# Parsio MCP

> Parsio connects your AI client to an advanced document parsing engine. It takes unstructured data—like PDFs, images, or emails—and converts it into clean, structured JSON metadata automatically. Use custom templates that learn from your documents so you never have to manually enter invoice numbers or form details again.

## Overview
- **Category:** industry-titans
- **Price:** Free
- **Tags:** ocr, data-extraction, pdf-parsing, email-automation, json-conversion, unstructured-data

## Description

Parsio connects your AI client to a heavy-duty parsing engine, letting you take messy documents—whether they're PDFs, images, or raw emails—and turn them into clean, structured JSON metadata. You don't manually enter invoice numbers or form details anymore; the system handles it all.

**Managing Your Data Streams and Templates**

First, you need to set up your data pipelines. If you're dealing with a specific type of document flow—say, vendor invoices versus HR records—you use `create_mailbox` to set up an isolated container for that stream. You can check which containers are active across your account using `list_mailboxes`. Once you have the mailbox established, you can pull its configuration details and current status by calling `get_mailbox`. When you need to understand how data is expected to look, you'll use `list_mailbox_templates` to see every parsing template set up for that container. If you want deep technical info on one of those templates, run `get_template_details`; this shows you exactly what fields the parser is designed to capture.

For connecting Parsio to other services, you manage webhooks. You list all existing connections using `list_mailbox_webhooks`, which helps you keep track of external systems that need data updates when a document arrives. If your system needs an overview of every single parsed record for auditing purposes, run `list_parsed_data_history`. This gives you a clean log of everything processed in that specific mailbox.

**Running the Extraction Jobs**

There are different ways to extract data depending on how fast you need the results. If your workflow requires immediate feedback—like validating an ID number right as the user hits send—you use synchronous extraction. For file uploads, you run `extract_data_from_file_sync`, which instantly pulls structured metadata from that document. Similarly, if you're feeding raw text or HTML directly into the chat interface and need results immediately, you trigger `extract_data_from_text_sync`. Both these methods give you instant answers so your agent doesn't stall.

But what if you've got a massive PDF, or you're integrating this via a webhook that can't wait for a chat response? Then you use the asynchronous tools. You kick off background processing for large files using `extract_data_from_file_async`. If you're passing raw text or HTML content in a chat that needs time to parse, run `extract_data_from_text_async`. These jobs run outside of your main conversation thread, so the user experience stays fast.
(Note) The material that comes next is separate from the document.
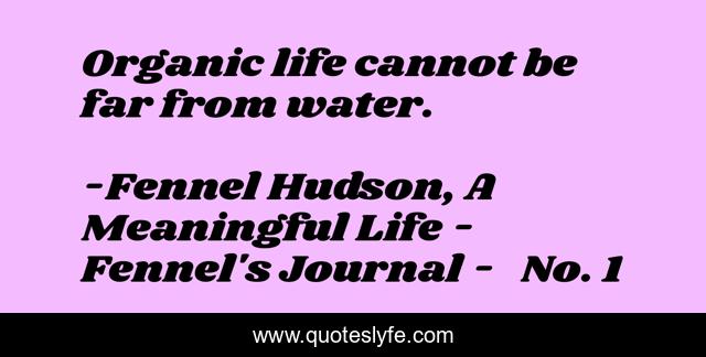 This page presents the quote "Organic life cannot be far from water.". Author of this quote is Fennel Hudson, A Meaningful Life - Fennel's Journal - No. 1. This quote is about water, life,.

Once any of these extraction jobs are done—whether they were sync or async—you need the final data. You fetch the structured JSON output from a completed job using `get_parsed_document_result`. This tool grabs the clean metadata that resulted from the document upload or parsing run. Everything you've submitted, every record parsed by the system, is eventually available for review through `list_parsed_data_history`, letting you audit exactly what came across those wires.

## Tools

### create_mailbox
Sets up and initializes a new, named container within Parsio to manage a specific stream of documents.

### extract_data_from_file_async
Starts the data extraction process for large files or webhooks, which runs in the background so you don't wait on the chat response.

### extract_data_from_file_sync
Immediately extracts structured metadata from a file upload; use this when you need results right away.

### extract_data_from_text_async
Starts background data extraction on raw text or HTML content provided in the chat.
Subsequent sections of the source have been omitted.